*ACTIVITY:* The records below are to be returned word for word, with pictures left out.

Data items
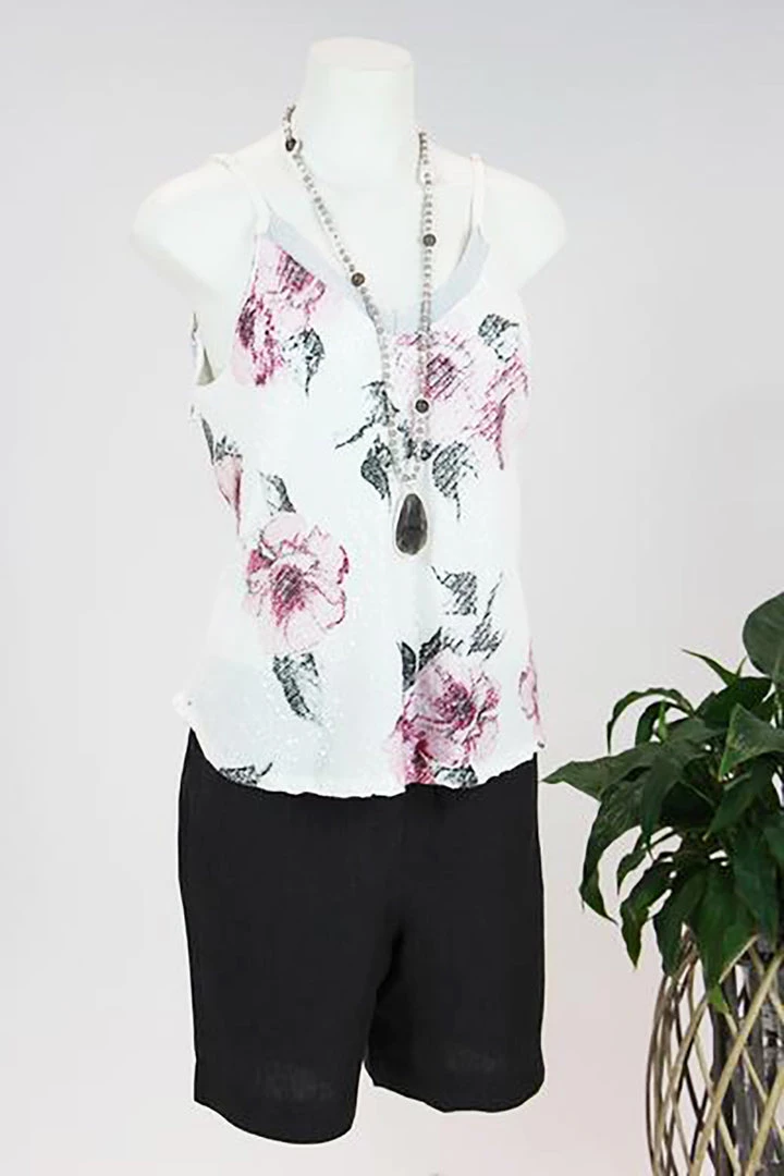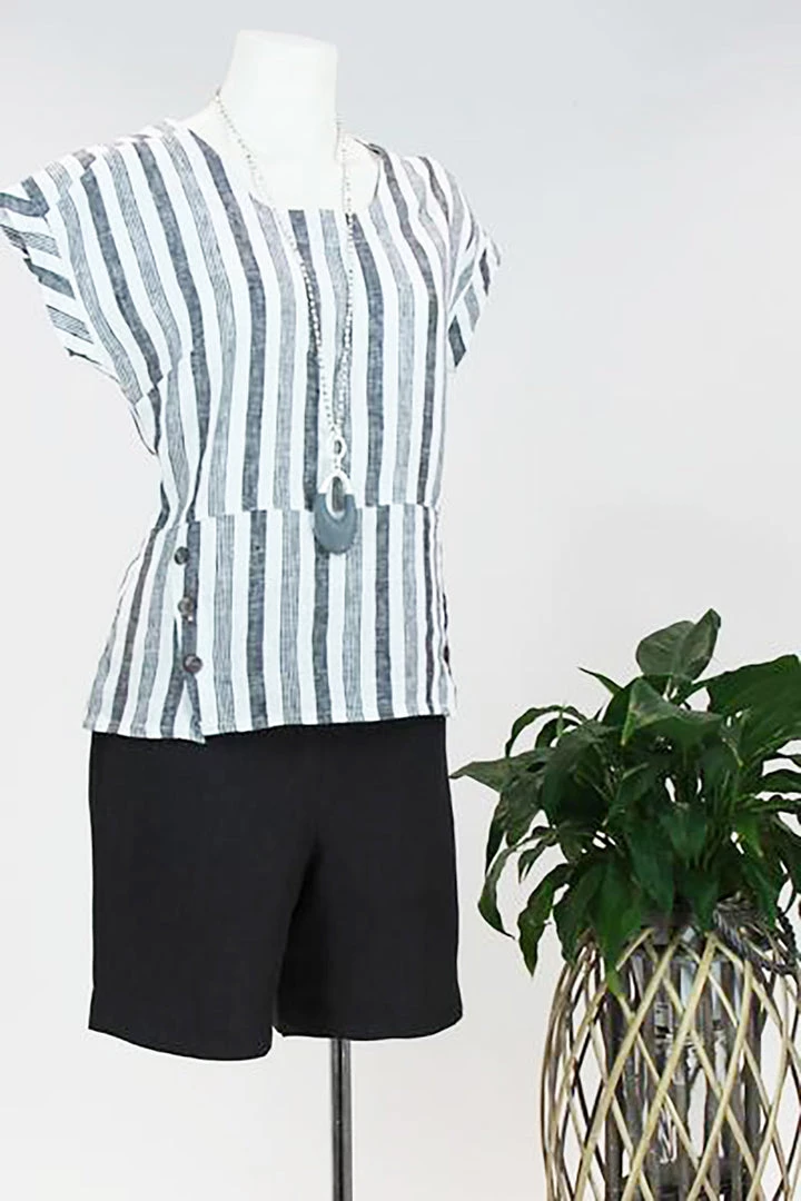 See Saw always do their basic essentials in pants, skirts and shorts, this year they have given us another option for the lady that likes their shorts a little shorter than their SW3663 short, which is to the knee. Â The Colour is Aniseed which is also pictured with the Linen Stripe Shell Top in Aniseed stripe.
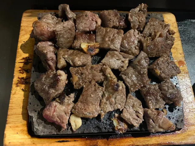 慢慢將牛扒切成細塊,都舖滿成塊石板呢。
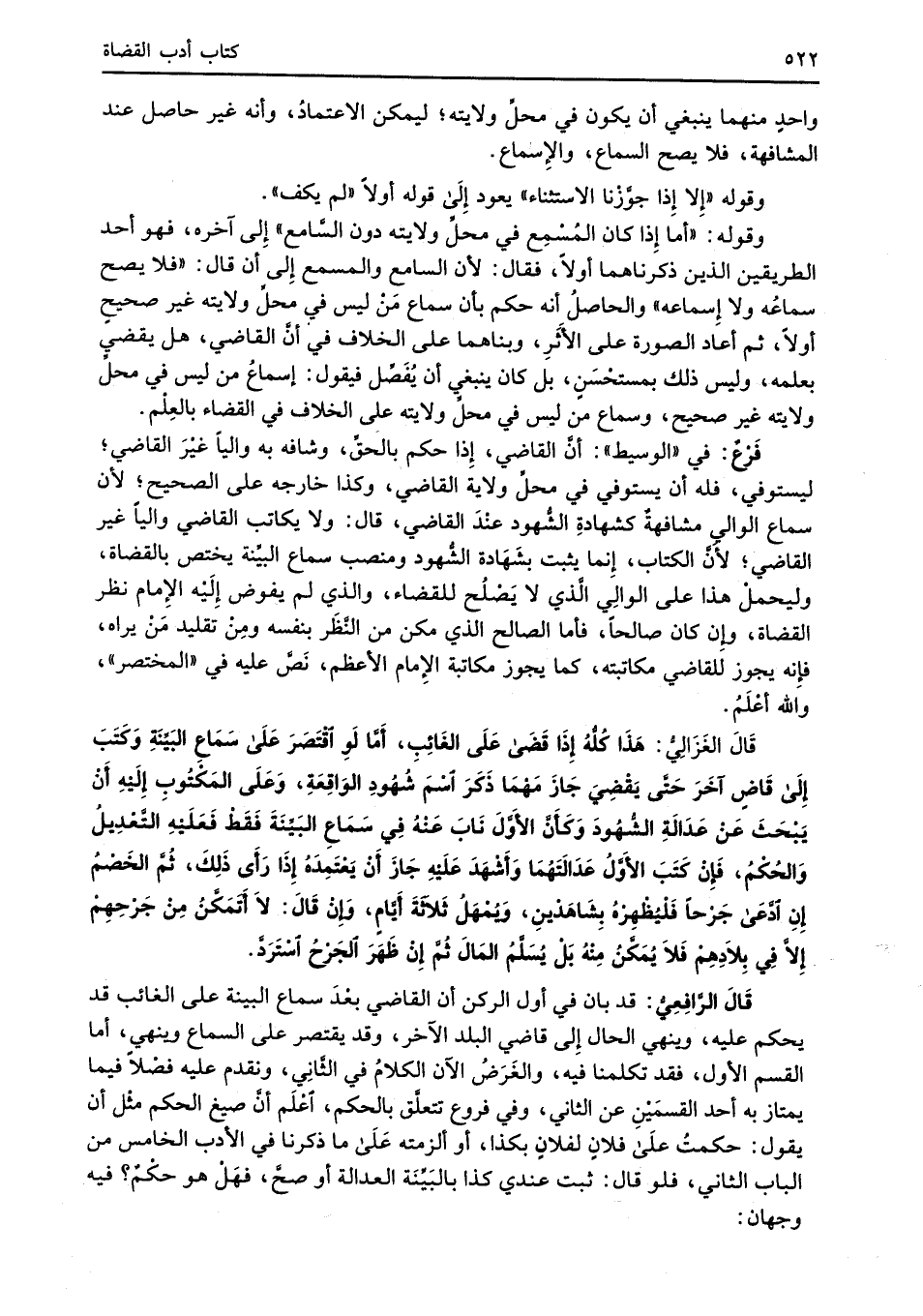 قَالَ الغَزَالِيُّ: هَذا كُلُّهُ إِذَا قَضَى عَلَى الغَائِبِ، أَمَّا لَوِ اقْتَصَرَ عَلَى سَمَاعِ البَيِّنَةِ وَكَتَبَ إِلَى قَاضٍ آخَرَ حَتَّى يَقْضِيَ جَازَ مَهْمَا ذَكرَ اسْمَ شُهُودِ الوَاقِعَةِ، وَعَلَى المَكْتُوبِ إِلَيْهِ أَنْ يَبْحَثَ عَنْ عَدالَةِ الشُّهُودَ وَكأَنَّ الأوَّلَ نَابَ عَنْهُ فِي سَمَاعِ البَيِّنَةَ فَقَطْ فَعَلَيْهِ التَّعْدِيلُ والحُكْمُ، فَإنْ كَتَبَ الأَوَّلُ عَدَالَتَهُما وَأَشْهَدَ عَلَيْهِ جَازَ أنْ يَعْتَمِدَهُ إِذَا رَأَى ذَلِكَ، ثُمَّ الخَصْمُ إِنِ ادَّعَى جَرْحًا فَلْيُظْهِرْهُ بِشَاهَدْينِ، وَيُمْهَلُ ثَلاثةَ أَيَّامٍ، وَإِنْ قَالَ: لا أتَمَكَّنُ مِنْ جَرْحِهِمْ إِلاَّ فِي بِلاَدِهِمْ فَلاَ يُمَكَّنُ مِنْهُ بَلْ يُسَلَّمُ المَالَ ثُمَّ إِنْ ظَهَرَ الجَرْحُ اسْتَرَدَّ.
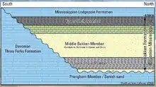 - Нижняя сланцевая часть (Lower shale member, Lower Bakken) состоящая из сланцев, богатых органическим веществом, мощностью до 15 метров.
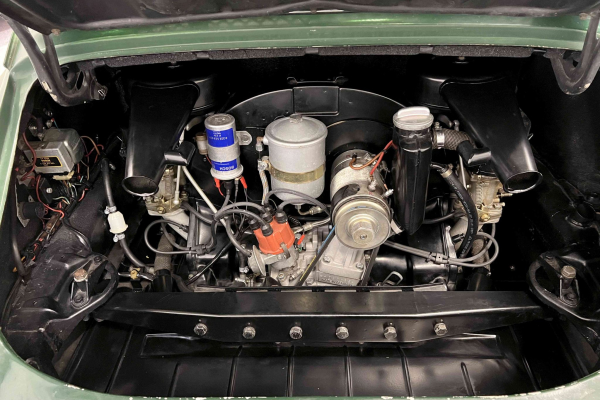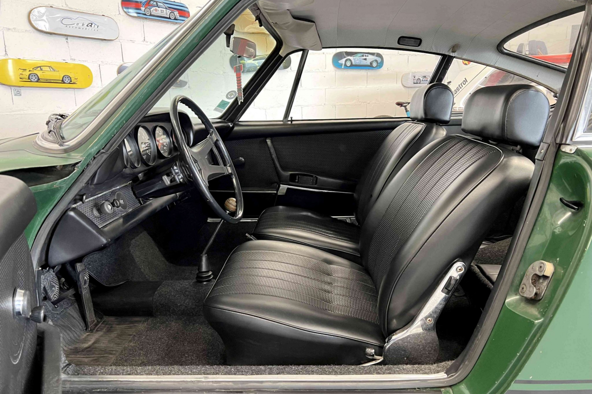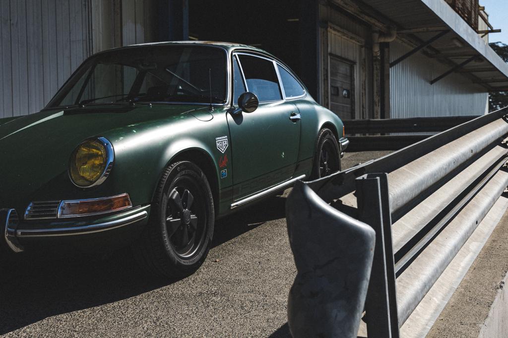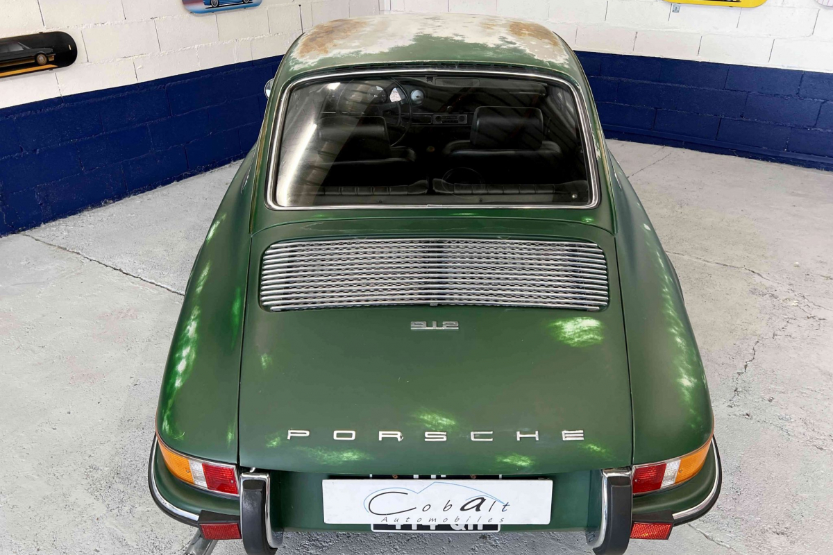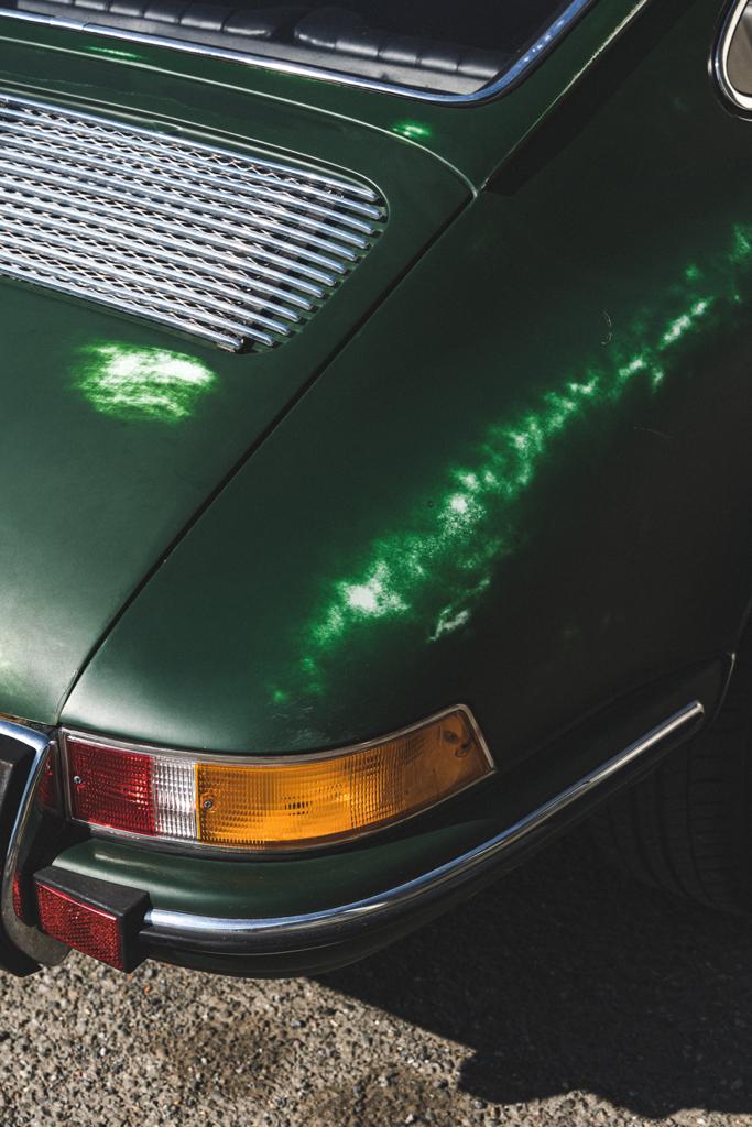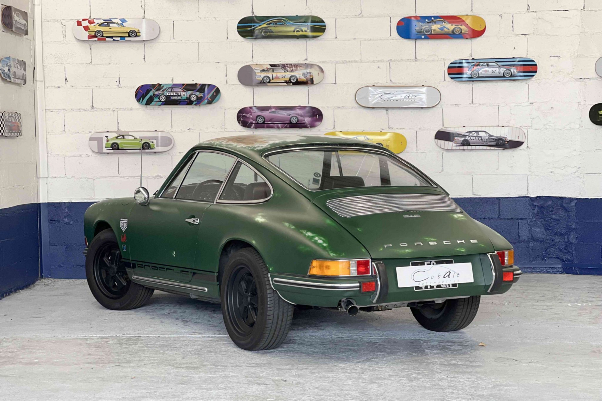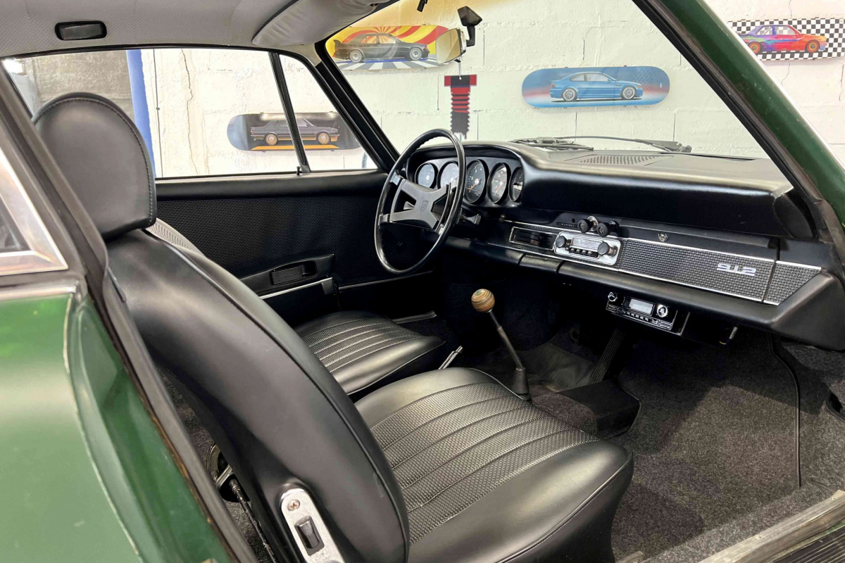 Produite en 1969, cette Porsche 912 a commencé sa vie aux USA. Elle sera méticuleusement détenue et entretenue par la même famille jusqu’en 2016. Preuve en est, nous disposons de quelques factures d’entretiens d’époque mais surtout d’un carnet d’origine rempli de A à Z avec des relevés de compression régulière agrafés dans ce dernier. En 2016, elle sera rachetée par la seconde et actuelle main. La caisse étant saine et la patine d’origine du véhicule étant très belle, ce dernier décide de sauvegarder ce rare état d’origine. Il fera vernir la caisse afin de garder l’aspect esthétique original de l’auto et de lui rendre un style unique, voir artistique !
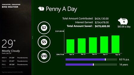 An app that calculates and display the amount of money you could potentially save using time value of money via easy-to-read charts. Simply set the number of years you wish to save for, enter a daily saved amount and intended rate of interest and you're all set! Users can also save the adjusted settings to a CSV file and/or share it with their friends.
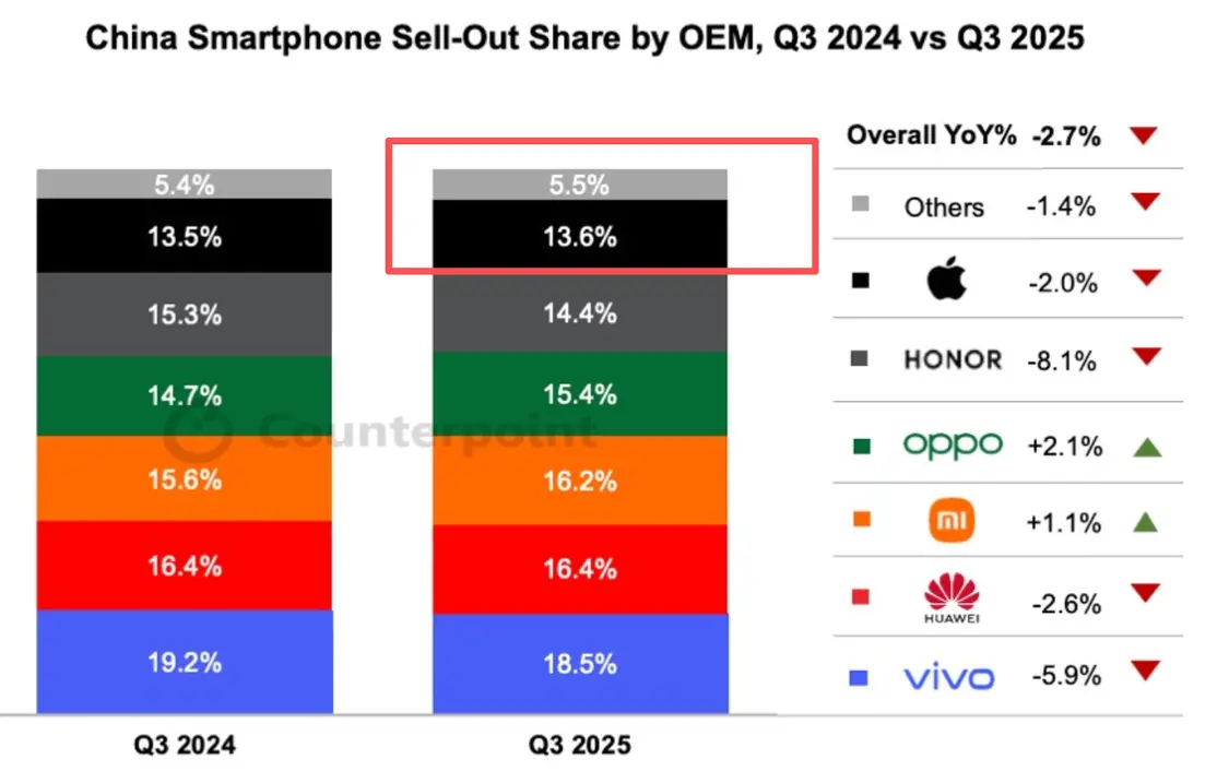 Counterpoint估计,在iPhone 17于今年9月中旬发布后的一个月里,苹果在中国的手机销量同比增长了22%,这表明消费者对其缺乏AI功能的担忧程度,比中国竞争对手预期的要低。

*ANSWER BOX:*
 See Saw always do their basic essentials in pants, skirts and shorts, this year they have given us another option for the lady that likes their shorts a little shorter than their SW3663 short, which is to the knee. Â The Colour is Aniseed which is also pictured with the Linen Stripe Shell Top in Aniseed stripe.
 慢慢將牛扒切成細塊,都舖滿成塊石板呢。
 قَالَ الغَزَالِيُّ: هَذا كُلُّهُ إِذَا قَضَى عَلَى الغَائِبِ، أَمَّا لَوِ اقْتَصَرَ عَلَى سَمَاعِ البَيِّنَةِ وَكَتَبَ إِلَى قَاضٍ آخَرَ حَتَّى يَقْضِيَ جَازَ مَهْمَا ذَكرَ اسْمَ شُهُودِ الوَاقِعَةِ، وَعَلَى المَكْتُوبِ إِلَيْهِ أَنْ يَبْحَثَ عَنْ عَدالَةِ الشُّهُودَ وَكأَنَّ الأوَّلَ نَابَ عَنْهُ فِي سَمَاعِ البَيِّنَةَ فَقَطْ فَعَلَيْهِ التَّعْدِيلُ والحُكْمُ، فَإنْ كَتَبَ الأَوَّلُ عَدَالَتَهُما وَأَشْهَدَ عَلَيْهِ جَازَ أنْ يَعْتَمِدَهُ إِذَا رَأَى ذَلِكَ، ثُمَّ الخَصْمُ إِنِ ادَّعَى جَرْحًا فَلْيُظْهِرْهُ بِشَاهَدْينِ، وَيُمْهَلُ ثَلاثةَ أَيَّامٍ، وَإِنْ قَالَ: لا أتَمَكَّنُ مِنْ جَرْحِهِمْ إِلاَّ فِي بِلاَدِهِمْ فَلاَ يُمَكَّنُ مِنْهُ بَلْ يُسَلَّمُ المَالَ ثُمَّ إِنْ ظَهَرَ الجَرْحُ اسْتَرَدَّ.
 - Нижняя сланцевая часть (Lower shale member, Lower Bakken) состоящая из сланцев, богатых органическим веществом, мощностью до 15 метров.
 Produite en 1969, cette Porsche 912 a commencé sa vie aux USA. Elle sera méticuleusement détenue et entretenue par la même famille jusqu’en 2016. Preuve en est, nous disposons de quelques factures d’entretiens d’époque mais surtout d’un carnet d’origine rempli de A à Z avec des relevés de compression régulière agrafés dans ce dernier. En 2016, elle sera rachetée par la seconde et actuelle main. La caisse étant saine et la patine d’origine du véhicule étant très belle, ce dernier décide de sauvegarder ce rare état d’origine. Il fera vernir la caisse afin de garder l’aspect esthétique original de l’auto et de lui rendre un style unique, voir artistique !
 An app that calculates and display the amount of money you could potentially save using time value of money via easy-to-read charts. Simply set the number of years you wish to save for, enter a daily saved amount and intended rate of interest and you're all set! Users can also save the adjusted settings to a CSV file and/or share it with their friends.
 Counterpoint估计,在iPhone 17于今年9月中旬发布后的一个月里,苹果在中国的手机销量同比增长了22%,这表明消费者对其缺乏AI功能的担忧程度,比中国竞争对手预期的要低。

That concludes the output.